West Midland manufacturers stand to cash in under a scheme that will see taxpayers’ cash used to buy hundreds of electric and low-carbon vans in a project aimed at boosting the uptake of eco-friendly vehicles.
LDV, Modec and Land Rover are on a list of ten companies shortlisted to bid to supply zero or low emission commercial vehicles to councils and public sector bodies as part of a £20 million programme.
The scheme was announced by transport secretary Geoff Hoon, who said the initiative had the potential to create up to 10,000 jobs in the automotive sector.
The Government plans to spend up to £100 million to “accelerate the emergence of the greener vehicles of tomorrow”.
As well as encouraging the uptake of “green” vans, 100 electric cars will be provided to show off the technology.
Up to £20 million is being pumped into research to generate the technological developments needed to make eco vehicles more practical.
Coventry, with Liverpool, Newcastle, Gateshead, Glasgow and Leeds, will be among the first councils to test green vans.
Also taking part will be the Royal Mail, HM Revenue & Customs, the Metropolitan Police and the Environment Agency.
Among local companies invited to pitch, Coventry-based Modec is a leader in the development and production of battery-powered vans. Customers include Tesco and UPS.
LDV, the Birmingham vanmaker, has announced a prototype electric version of its successful Maxus, is being tested by customers. It said the lithium-ion-powered ECV1 chassis-cab vehicle has a range of 85 miles between recharges and top speed of 55 miles per hour. A van variant will come soon.
“We are delighted our commitment to zero-emission technology has been recognised,” a company spokesman said. “It is a very exciting time.”
Land Rover is developing a lower-emission variant of a van based on the Discovery chassis using stop-start technology. This switches off the engine when it stops in traffic and restarts when the accelerator is pressed.
The Solihull 4x4 specialist is spending up to £800 million on cutting fuel consumption and emissions.
Mr Hoon gave further details of a trial of electric cars and convenient charging points announced by Prime Minister Gordon Brown this summer.
Mr Brown has championed electric cars as a means to meeting the UK’s carbon emission cutting target – hardened to 80 per cent this month – and cutting dependence on oil.
But take up has been tiny: just 0.1 per cent of vehicles are electric – and no manufacturer is making a mass-market electric van.
Official figures show emissions from vans, which have more than trebled since 1970, are rising faster than other means of transport, and are responsible for 15 per cent of the total.
The Government hopes it can speed up development, and create jobs, with backing for the wider use of vans – with another £50 million available if the project succeeds.
The ten firms bidding to supply commercial vehicles under the Low Carbon Vehicles Innovation Platform (LCVIP) project include global automotive giants Ford, Mercedes Benz, Nissan, Citroen.

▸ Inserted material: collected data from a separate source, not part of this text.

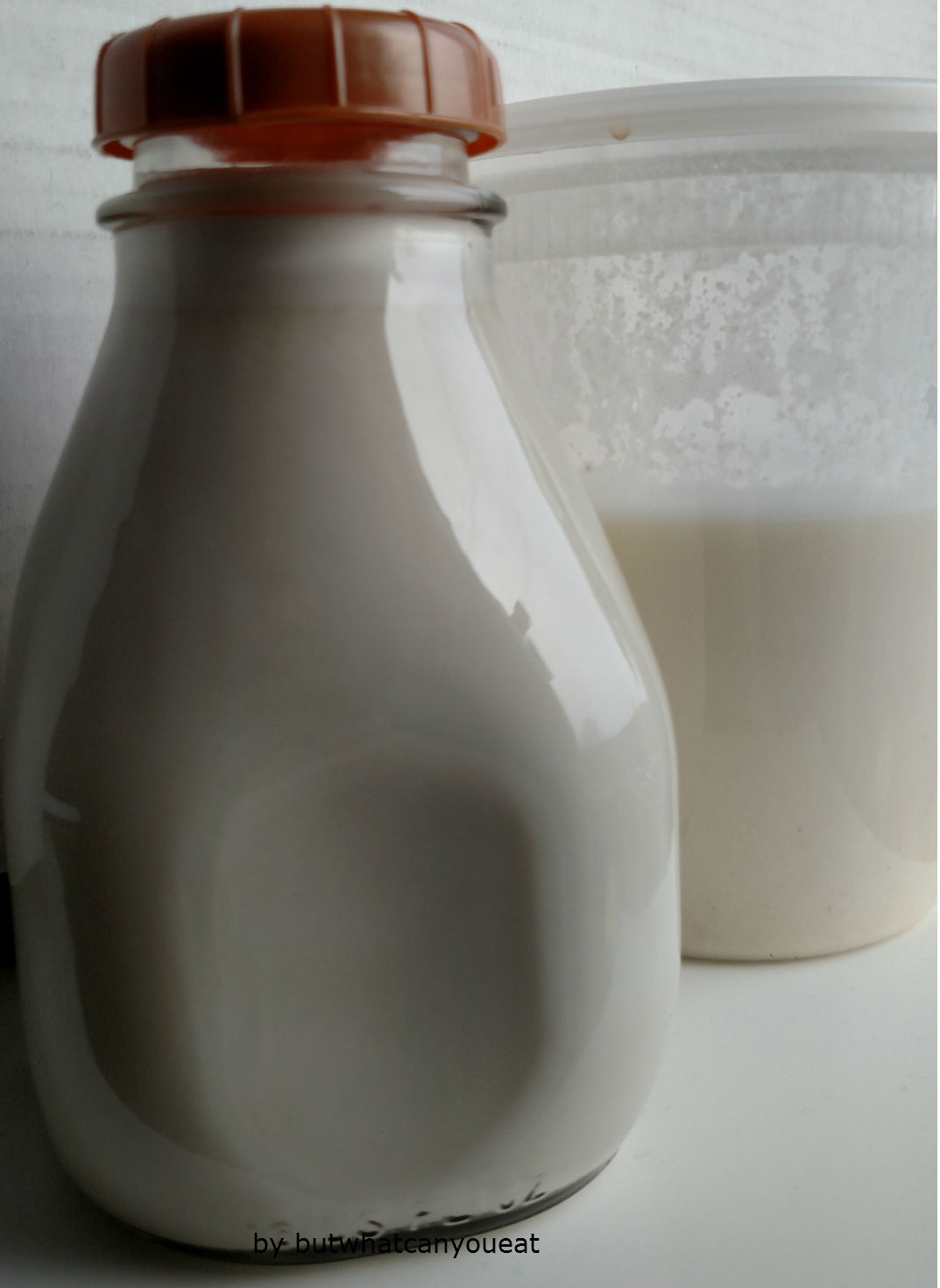 Add the last cup of blitzed cashews into your bowl or jug, and then mix in the last two cups of water. I think this has the texture of a higher fat milk, but I honestly don’t remember what milk tastes like, so your mileage may vary. You can make the milk lighter or thicker depending on the amount of water you use in the recipe. This amount lasts me about a week, or week and a half, and I find it easily scalable for when I need more milk in a recipe.
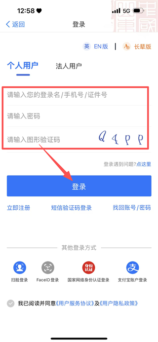 3、在登录页面,填写/手机号、密码、图形验证码,点击登录完成账号登录。
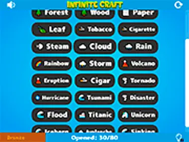Infinite Craft एक मजेदार सिमुलेटर गेम है जहाँ आपको नए तत्व बनाने हैं: आग, पृथ्वी, जल और वायु। नए तत्व बनाने और गेम को पूरा करने के लिए तत्वों को संयोजित करने का प्रयास करें। Y8 पर Infinite Craft गेम खेलें और सभी तत्वों को अनलॉक करने का प्रयास करें। मजे करें।
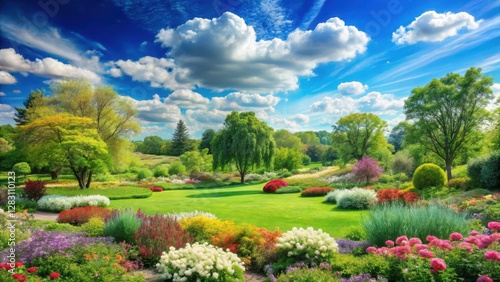 Fototapeta premium A serene landscape with a clear blue sky and fluffy white clouds
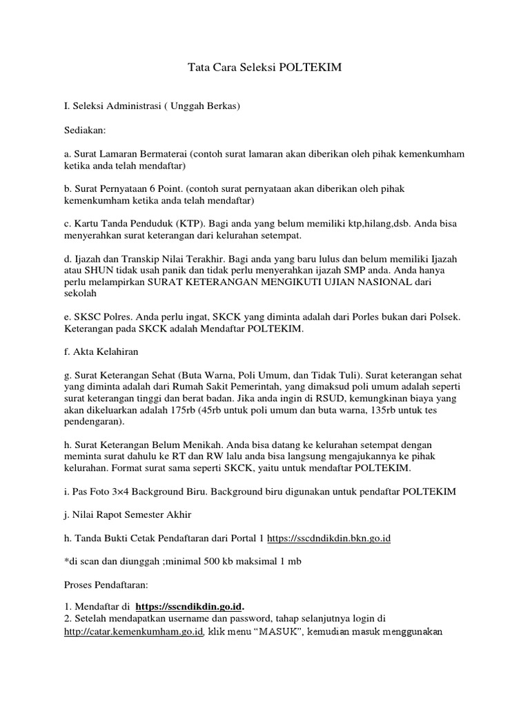 Contoh surat lamaran poltekip poltekim cpns kemenkumham persyaratan mendaftar poltekip poltekim pendaftaran sekolah kedinasan 2020 auto pns sekolah ikatan dinas ipdn poltekip poltekim stin. Lewat akun twitter at catarkumham surat lamaran catar kemenkumham 2020 harus sesuai dengan formar yang telah diunggah kemenkumham. Format surat lamaran sekolah kedinasan sekolah kedinasan politeknik ilmu pemasyarakatan poltekip dan politeknik imigrasi poltekim kementerian hukum dan hak asasi manusia ri. Semangat persiapan tes masuk poltekim 2020 dan tes masuk poltekip 2020 dari sekarang. Contoh format surat pernyataan 6 poin seleksi calon tarunai sekolah kedinasan di kementerian hukum dan hak asasi manusia republik indonesia. Atas perhatian dari bapak ibu saya mengucapkan terima kasih.
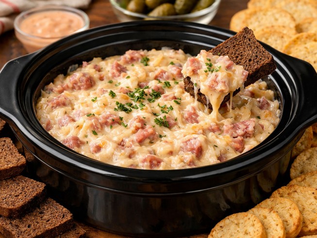 Reuben dip is a warm, cheesy appetizer inspired by the classic Reuben sandwich. It typically combines corned beef, sauerkraut, Swiss cheese, and Thousand Island dressing.
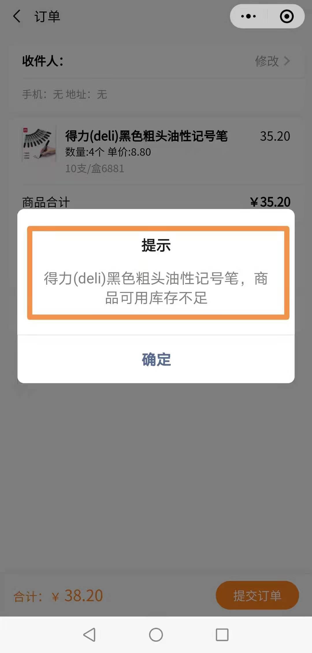 订单不能被提交。

Concerns over a public appetite for electric cars, which would have to be charged regularly, will be tested through trials although details have been kept under wraps.
The UK raised its CO2 reduction target from 60 per cent by 2050 to 80 per cent this month.
The announcement was welcomed by the Society of Motor Manufacturers and Traders, whose chief executive, Paul Everitt, said: “The automotive industry is committed to achieving significant and sustained reductions in CO2 emissions.
“It is important that the UK continues to attract investment into lower carbon vehicle research, development and demonstrations and the announcements are very welcome.”
Not everyone was impressed, however. The taxpayer-backed project came under fire from environmentalist George Monbiot who said the motor industry had reneged on promises to produce less-polluting cars.
“It’s crazy that the government is subsidising the motor industry for what it should be doing anyway,” he said.
“Years ago, in 1998, the industry promised it would make a radical cut in the amount of carbon dioxide its cars are producing.
“It’s broken that promise, and now the government is paying it to do what it should have been forced to do through regulation”.